Old checkpoint directories for a snapshot are deleted immediately after that snapshot is successfully defragmented to a newer version. Old version metadata and YAML files are cleaned separately from checkpoint directories by OmSnapshotLocalDataManagerService, a single-threaded scheduler owned by OmSnapshotLocalDataManager.

On startup, the local data manager loads all om.db-<snapshot_uuid>.yaml files, rebuilds the in-memory version dependency graph, and queues every loaded snapshot ID for an orphan check. Later commits can queue additional snapshot IDs:

  • when a snapshot gains or removes local versions;
  • when a snapshot's resolved previousSnapshotId changes after purge updates the path chain;
  • when purge records transactionInfo in a snapshot's YAML.

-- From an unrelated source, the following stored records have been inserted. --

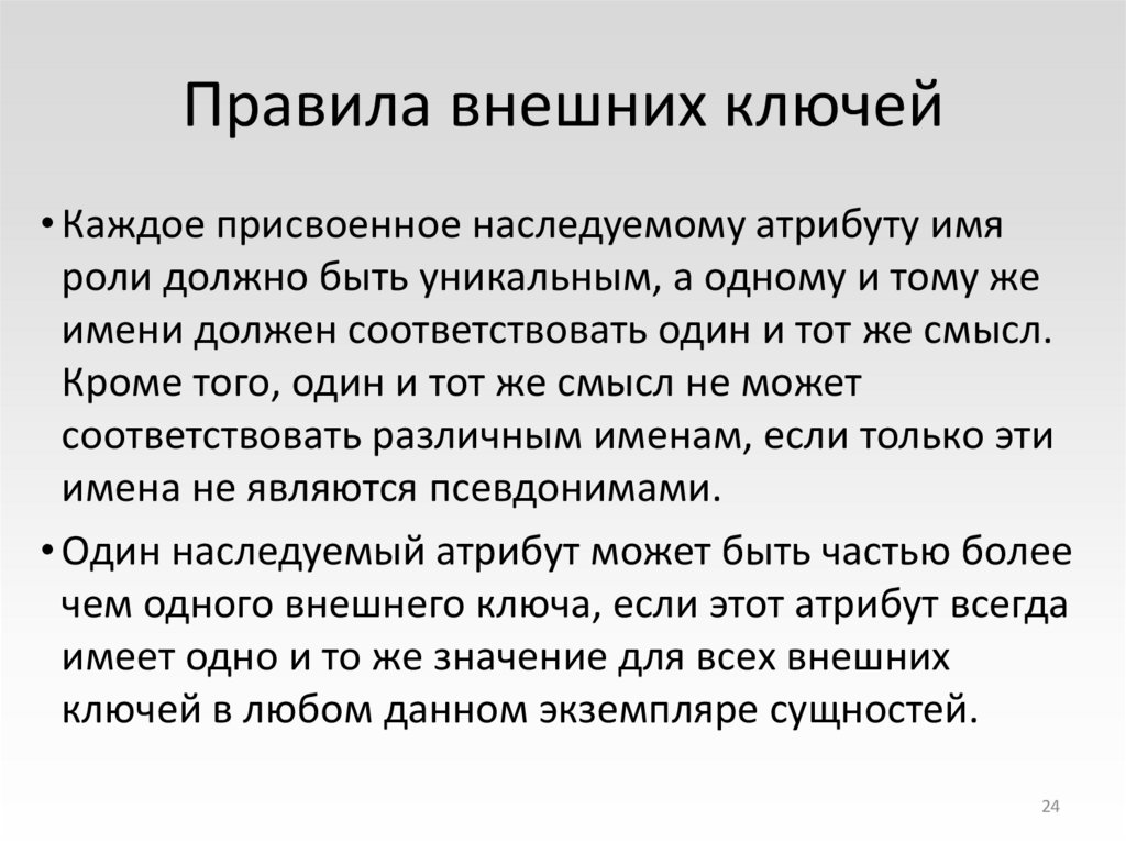 24. Правила внешних ключей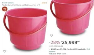 ବାସ୍ତବରେ ଏହି ବାଲ୍ଟି ସାଧାରଣ ବାଲ୍ଟି ପରି ଦେଖାଯାଉଛି। ଯାହା ବଜାରରେ ୨୫୦ରୁ ୩୦୦ ଟଙ୍କା ମୂଲ୍ୟରେ ମିଳିଥାଏ। କିନ୍ତୁ ଆମାଜନରେ ଏହି ବାଲ୍ଟିର ଦାମ୍ ୨୫,୯୯୯ ଟଙ୍କା। ଲୋକେ ଏହି ଦାମ୍କୁ ସହଜରେ ଗ୍ରହଣ କରିପାରୁନାହାନ୍ତି। ଆମାଜନ କାହିଁକି ଏକ ସାଧାରଣ ଲାଲ ବାଲ୍ଟିକୁ ୨୬୦୦୦ ବିକ୍ରି କରୁଛି?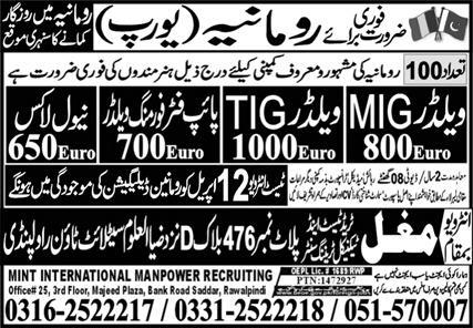 Mughal Trade Test & Technical Training Center invites applications for job positions advertised in daily Express dated 5 April 2023 for following vacancies in Romania, romania Romania.

Each cleanup pass checks the queued snapshot IDs. A version entry can be removed from YAML when no other local version node depends on it and either:

  • the version is not 0 and is not the snapshot's current version; or
  • the snapshot itself has been purged.

Version 0 is kept for active snapshots even when it has no dependents, because a newly created or unresolved snapshot can still depend on the original version. If a snapshot has purge transactionInfo but the purge transaction has not flushed to the OM DB yet, the cleanup thread keeps the YAML and re-queues the snapshot for a later pass. When the purge has flushed and no versions remain, the YAML file is deleted.

Metrics and Logging

OmSnapshotInternalMetrics records defrag progress since the last OM restart: total defrag operations, total failures, skipped snapshots, full defrag operations and failures, incrementally defragged snapshots and failures, full defrag tables compacted, and incremental delta files processed.

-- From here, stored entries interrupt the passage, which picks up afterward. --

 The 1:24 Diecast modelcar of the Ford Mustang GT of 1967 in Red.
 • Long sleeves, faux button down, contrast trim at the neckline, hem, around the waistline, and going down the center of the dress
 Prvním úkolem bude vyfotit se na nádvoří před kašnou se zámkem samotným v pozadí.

OMPerformanceMetrics records the latency of the last full defrag operation and the last incremental defrag operation in milliseconds. With trace logging enabled, SnapshotDefragService also logs before/after directory statistics for each defragmented snapshot, including total files, SST file count, and directory byte usage.

Expected Effect

After a full pass, each active snapshot's current version is a compact, bucket-scoped checkpoint that reuses the previous path snapshot plus the snapshot's own changes. This reduces duplicate SST retention for long snapshot chains while keeping snapshot reads and snapshot-diff computation based on ordinary RocksDB checkpoints and SST metadata.

For background on the original scale problem and early design discussion, see HDDS-13003.